Try it
From the first line to the last, restate the data exactly, leaving out the images.
[Opening Input data section]
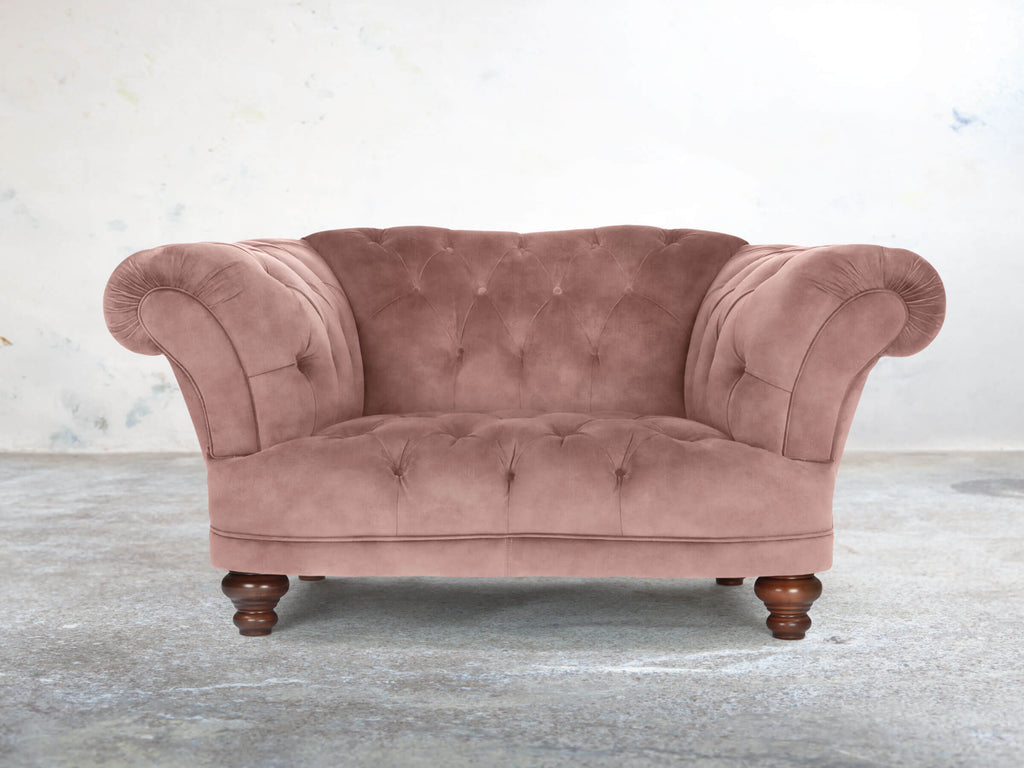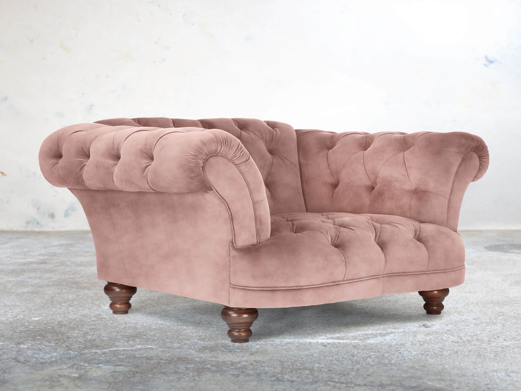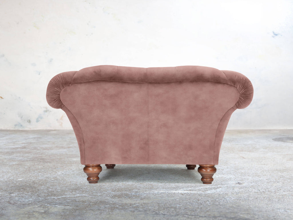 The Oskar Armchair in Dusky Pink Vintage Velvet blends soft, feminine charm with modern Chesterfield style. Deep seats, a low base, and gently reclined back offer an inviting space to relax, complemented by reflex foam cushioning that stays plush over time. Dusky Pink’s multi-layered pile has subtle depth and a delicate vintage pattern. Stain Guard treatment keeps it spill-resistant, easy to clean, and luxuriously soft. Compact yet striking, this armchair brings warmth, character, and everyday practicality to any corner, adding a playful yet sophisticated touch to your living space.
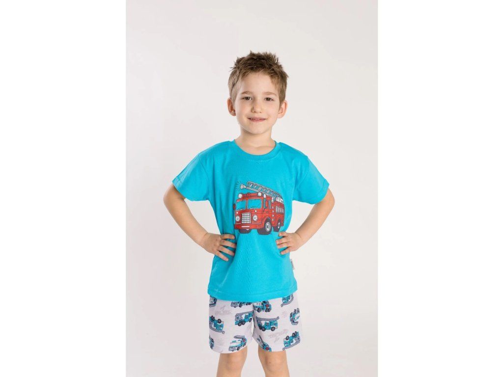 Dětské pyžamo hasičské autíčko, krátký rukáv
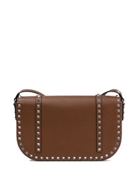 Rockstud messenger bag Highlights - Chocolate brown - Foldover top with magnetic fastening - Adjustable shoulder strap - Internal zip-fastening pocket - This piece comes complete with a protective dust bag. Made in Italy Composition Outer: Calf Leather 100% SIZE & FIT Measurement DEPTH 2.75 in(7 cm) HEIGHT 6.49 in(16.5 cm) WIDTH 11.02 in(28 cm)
[Closing Input data section]
Output of the task
 The Oskar Armchair in Dusky Pink Vintage Velvet blends soft, feminine charm with modern Chesterfield style. Deep seats, a low base, and gently reclined back offer an inviting space to relax, complemented by reflex foam cushioning that stays plush over time. Dusky Pink’s multi-layered pile has subtle depth and a delicate vintage pattern. Stain Guard treatment keeps it spill-resistant, easy to clean, and luxuriously soft. Compact yet striking, this armchair brings warmth, character, and everyday practicality to any corner, adding a playful yet sophisticated touch to your living space.
 Dětské pyžamo hasičské autíčko, krátký rukáv
 Rockstud messenger bag Highlights - Chocolate brown - Foldover top with magnetic fastening - Adjustable shoulder strap - Internal zip-fastening pocket - This piece comes complete with a protective dust bag. Made in Italy Composition Outer: Calf Leather 100% SIZE & FIT Measurement DEPTH 2.75 in(7 cm) HEIGHT 6.49 in(16.5 cm) WIDTH 11.02 in(28 cm)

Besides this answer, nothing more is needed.